From: Kai Huang kai.huang@intel.com
[ Upstream commit 10df8607bf1a22249d21859f56eeb61e9a033313 ]
On TDX platforms, dirty cacheline aliases with and without encryption bits can coexist, and the cpu can flush them back to memory in random order. During kexec, the caches must be flushed before jumping to the new kernel otherwise the dirty cachelines could silently corrupt the memory used by the new kernel due to different encryption property.
A percpu boolean is used to mark whether the cache of a given CPU may be in an incoherent state, and the kexec performs WBINVD on the CPUs with that boolean turned on.

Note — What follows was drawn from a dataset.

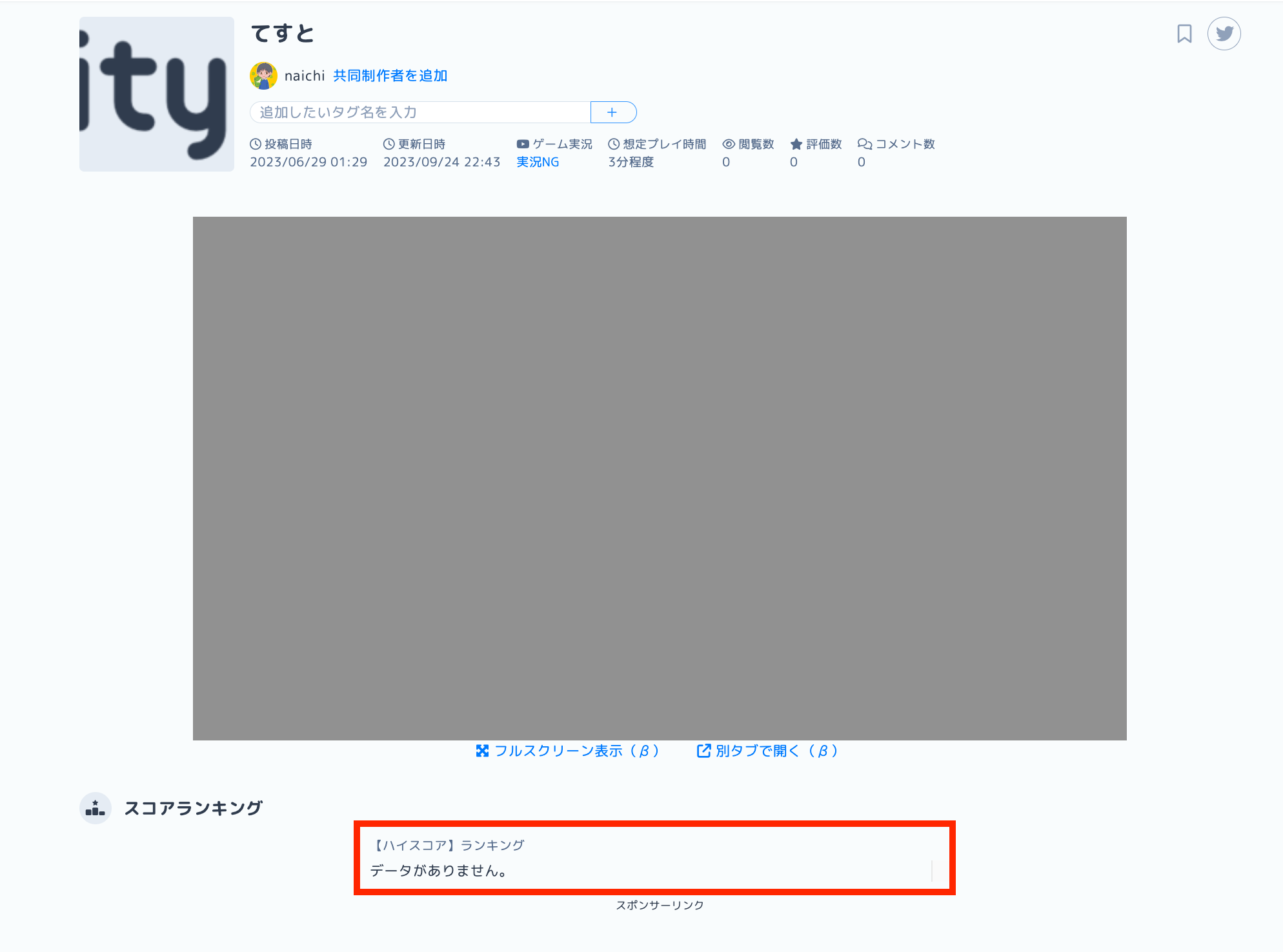 - ゲームページのスコアランキングセクションに自分のレコードが追加されれば成功です。

For TDX, only the TDX module or the TDX guests can generate dirty cachelines of TDX private memory, i.e., they are only generated when the kernel does a SEAMCALL.
Set that boolean when the kernel does SEAMCALL so that kexec can flush the cache correctly.

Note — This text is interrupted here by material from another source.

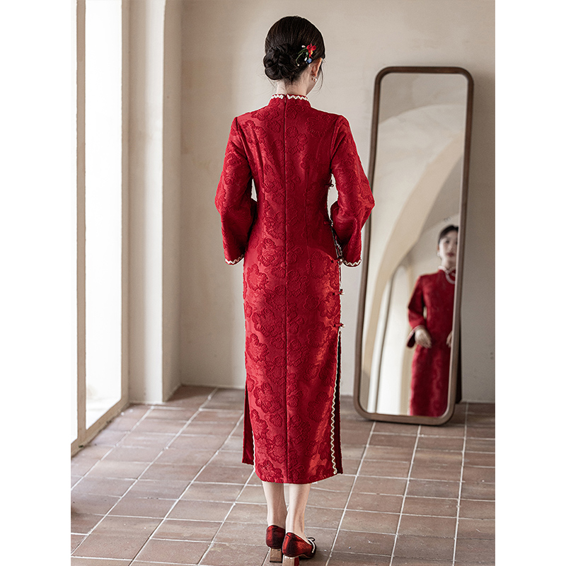 红色新中式旗袍敬酒服新娘年轻款倒大袖提花结婚绝美订婚礼服裙

The kernel provides both the __seamcall*() assembly functions and the seamcall*() wrapper ones which additionally handle running out of entropy error in a loop. Most of the SEAMCALLs are called using the seamcall*(), except TDH.VP.ENTER and TDH.PHYMEM.PAGE.RDMD which are called using __seamcall*() variant directly.

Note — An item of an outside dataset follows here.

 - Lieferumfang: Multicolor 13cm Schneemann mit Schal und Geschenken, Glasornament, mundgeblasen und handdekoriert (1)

To cover the two special cases, add a new __seamcall_dirty_cache() helper which only sets the percpu boolean and calls the __seamcall*(), and change the special cases to use the new helper. To cover all other SEAMCALLs, change seamcall*() to call the new helper.
For the SEAMCALLs invoked via seamcall*(), they can be made from both task context and IRQ disabled context. Given SEAMCALL is just a lengthy instruction (e.g., thousands of cycles) from kernel's point of view and preempt_{disable|enable}() is cheap compared to it, just unconditionally disable preemption during setting the boolean and making SEAMCALL.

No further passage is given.